TASK BRIEF
Nothing in the data should change when you return it, but leave the pictures out.

GIVEN INFORMATION
────

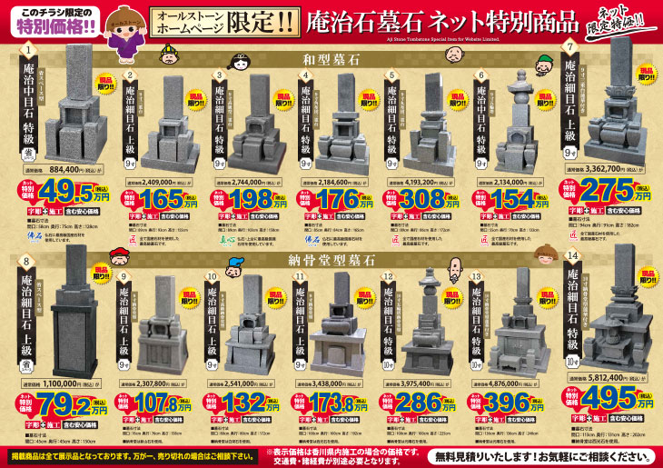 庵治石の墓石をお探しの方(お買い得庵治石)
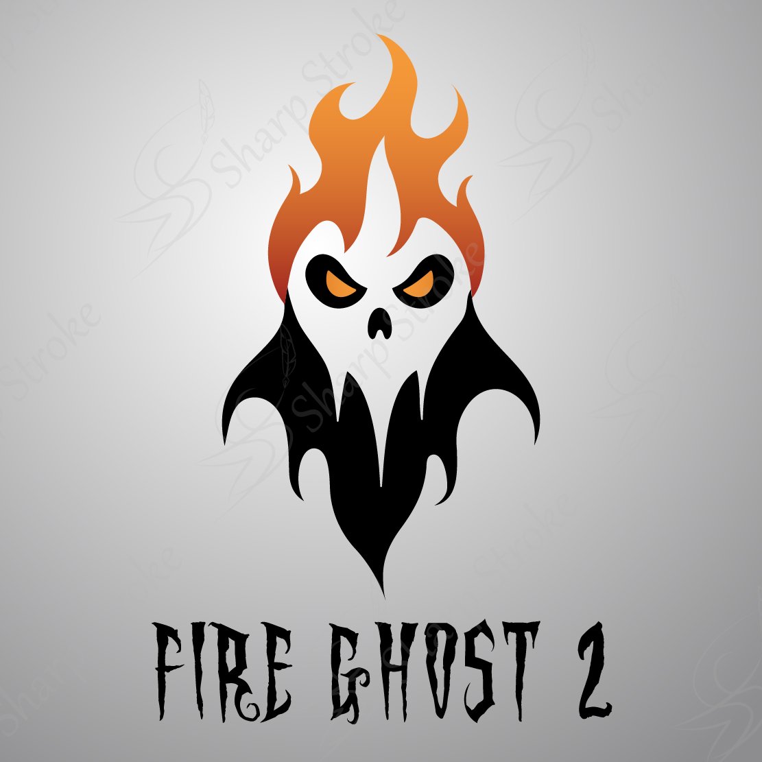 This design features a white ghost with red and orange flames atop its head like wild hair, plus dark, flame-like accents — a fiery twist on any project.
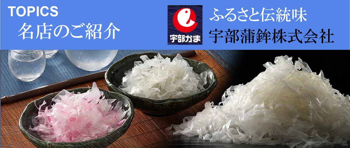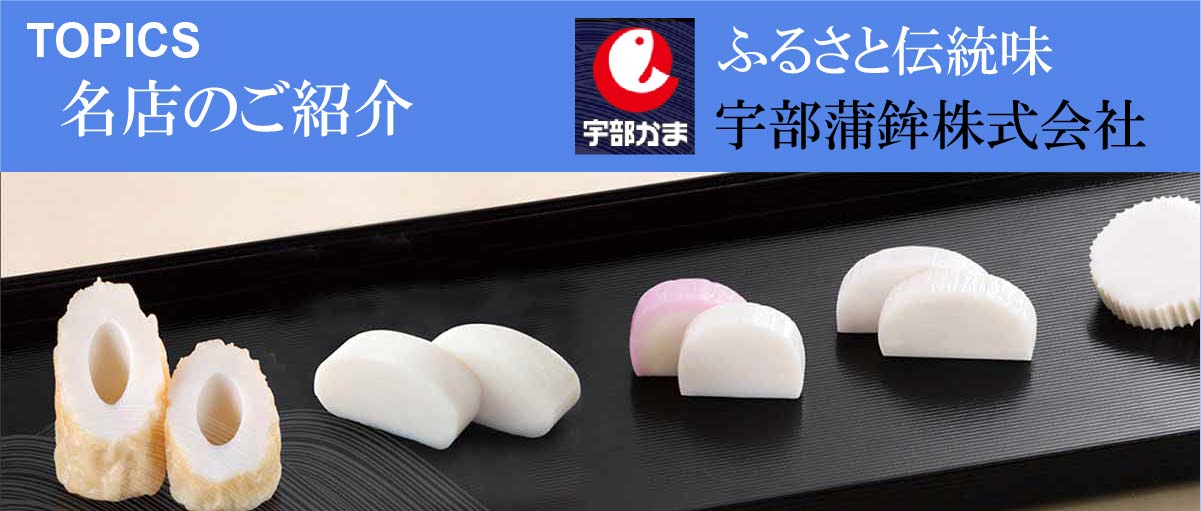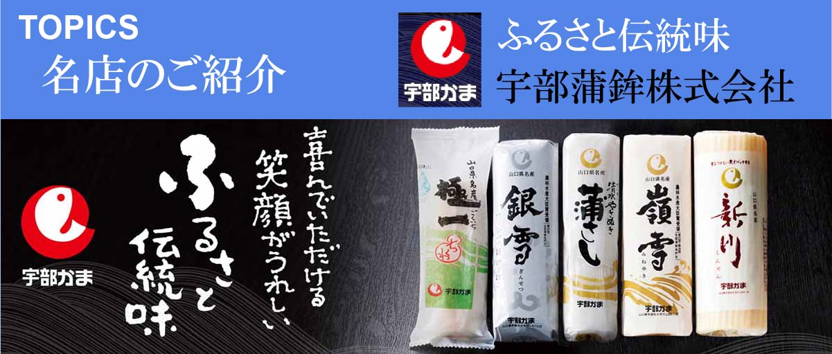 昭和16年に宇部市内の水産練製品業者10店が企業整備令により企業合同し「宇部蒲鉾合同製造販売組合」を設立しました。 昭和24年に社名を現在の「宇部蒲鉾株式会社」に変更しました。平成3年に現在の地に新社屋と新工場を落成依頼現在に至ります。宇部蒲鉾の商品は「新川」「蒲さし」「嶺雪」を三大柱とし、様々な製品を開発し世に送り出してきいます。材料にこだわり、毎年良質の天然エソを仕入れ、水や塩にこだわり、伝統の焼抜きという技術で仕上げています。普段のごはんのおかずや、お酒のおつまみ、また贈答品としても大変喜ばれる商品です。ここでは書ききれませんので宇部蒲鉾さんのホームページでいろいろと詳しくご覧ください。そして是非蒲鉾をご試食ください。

────

ANSWER TO THE EXERCISE
 庵治石の墓石をお探しの方(お買い得庵治石)
 This design features a white ghost with red and orange flames atop its head like wild hair, plus dark, flame-like accents — a fiery twist on any project.
 昭和16年に宇部市内の水産練製品業者10店が企業整備令により企業合同し「宇部蒲鉾合同製造販売組合」を設立しました。 昭和24年に社名を現在の「宇部蒲鉾株式会社」に変更しました。平成3年に現在の地に新社屋と新工場を落成依頼現在に至ります。宇部蒲鉾の商品は「新川」「蒲さし」「嶺雪」を三大柱とし、様々な製品を開発し世に送り出してきいます。材料にこだわり、毎年良質の天然エソを仕入れ、水や塩にこだわり、伝統の焼抜きという技術で仕上げています。普段のごはんのおかずや、お酒のおつまみ、また贈答品としても大変喜ばれる商品です。ここでは書ききれませんので宇部蒲鉾さんのホームページでいろいろと詳しくご覧ください。そして是非蒲鉾をご試食ください。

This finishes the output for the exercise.